Religious believers and others considered to introduce subversive influences.
The U.N. committee's report states that religious North Koreans, in particular Christians, face persecution from the state. While the North Korean state points to a number of state-sanctioned churches as proof of religious tolerance, the committee found that ordinary citizens are not allowed to practice Christianity and that it was treated as a political crime. "It has been compared to a drug, narcotics, a sin, and a tool of Western and capitalist invasion. Christian missionaries are portrayed as the product of USA capitalism and work akin to vampirism," the report notes.
Accounts from North Koreans suggest horrific punishment for those found to be practicing Christianity: Both of Mr A’s sisters were punished severely for their religious belief and activities. One was discovered to be preaching Christianity to a friend and was caught with a Bible resulting in a 13 year sentence in an ordinary prison camp (kyohwaso). The other was caught in China. As a result of the starvation rations and horrendous living conditions, the first sister almost died in prison and only survived after Mr A paid a substantial bribe to free her after three years of confinement. The other sister was labelled a political criminal because it was discovered that she had practiced Christianity in China and had also attempted to flee to the ROK. She was sent to Yodok Camp and was never heard from again.
The report notes that there are indications of a "genocide against religious groups, specifically Christians, in particular in the 1950s and 1960s." However, the committee found that it would be impossible to research this possibility without access to North Korean archives.
Persons who try to flee the country. The committee's report found that, in practice, most North Korean citizens are subject to a blanket travel ban. If they break this ban, they risk extreme violence and harsh punishment. Despite this, many do try to flee the country, crossing illegally over to China. The committee noted that guards at the border may operate with a "shoot to kill" policy, and that North Korea's security services have also been accused of traveling into China to abduct North Korean citizens who have made it across. Those who are caught are often made an example of to deter others who might hope to escape. The report recounts one story: Ms Kwon Young-hee spoke to the Commission about her brother who was arrested in China in 1994 for attempting to “defect” from the DPRK. He had gone to China in search of food. As an example to others against committing similar “anti-state” offences, he was tied to the back of a truck which took him to their home town, Musan.
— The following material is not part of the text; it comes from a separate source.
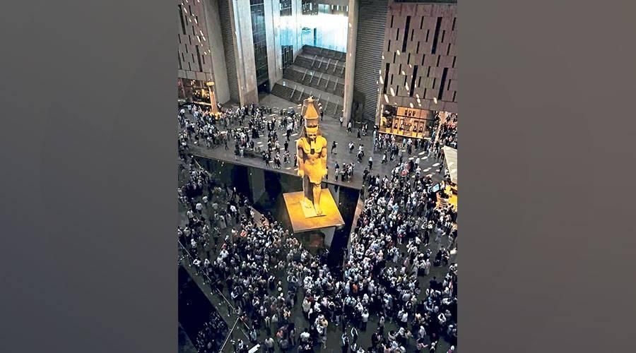 أعداد غفيرة تشاهد تمثال رمسيس الثاني، داخل المتحف المصري الكبير، الذي رفعت إدارته لافتة «كامل العدد» أمام الزوار، أمس، بعد وصول السعة التشغيلية للمتحف إلى الدرجة القصوى
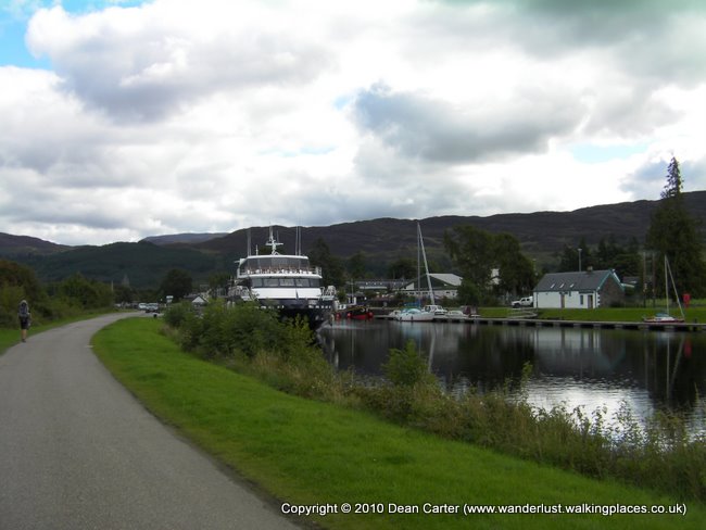 When we got to the end of the railway line and the far shore, we stopped for a break by the water’s edge and were soon passed by the two American guys we hadn’t seen for about a week. Moving on we now walked along the Caledonian Canal again for several miles, passing and chatting to the American guys and seeing a few boats on the water. The Sun was out now, and the warm weather was a drastic improvement on previous days. It was canal all the way to Fort Augustus where we were almost spoiled for choice when it came to places to buy refreshments and provisions.

“By the time he reached Musan, his face was covered with blood, his clothes were all torn. And when he fell, they stopped the truck and rushed him to stand up again. At the time my brother was discharged [from the army] for malnutrition, and he was diabetic. My mother tried to treat his diabetes in the hospital so he was diabetic at the time he went to China. … Even when my brother collapsed, the truck would go on and the Bowibu people, when my brother collapsed, would beat my brother up to make him stand up. Musan is a big city but they drove him around Musan city three times so that everybody could see him.”
The report also notes that repatriated citizens are often tortured and kept in inhumane conditions when they return. There have even been cases where pregnant women have been forced to undergo abortions and newborn babies were killed, the committee found.
Starving populations:
One of the reasons that people would risk their lives to leave North Korea is simple: They can't get enough food. While food shortages have gotten better since the the mass starvation of the 1990s, which may have led to the death of as many as 2.5 million people, the committee found that starvation was still a major issue in the country. The report sites data from the Food and Agricultural Organization of the United Nations that estimated that between 2011 and 2016, 38.9 percent of the population suffered from malnutrition. The report also noted is that what food there was often distributed for political reasons. The lack of food has an especially big effect on children, the report noted:
At the Seoul Public Hearing, Mr Kim Hyuk described the situation in the orphanage where he was placed by his father in 1995. He said that in 1997 “twenty four out of 75 orphans passed away from starvation… internally there was no food subsidized to the orphanages. So what we ate at the time was the remainder of the corn. We dried it and we grinned and turned it into a powder. That’s what we got, but it does not contain any nutrition and because of that, we got constipation…. There was nothing to eat in the orphanage. In 1996 and 1997, the orphanages tried to release as many children as possible because they didn’t have anything to give to the kids. So they thoughts that kids were better off begging in the streets. It would be better than starving to death sitting in the orphanage.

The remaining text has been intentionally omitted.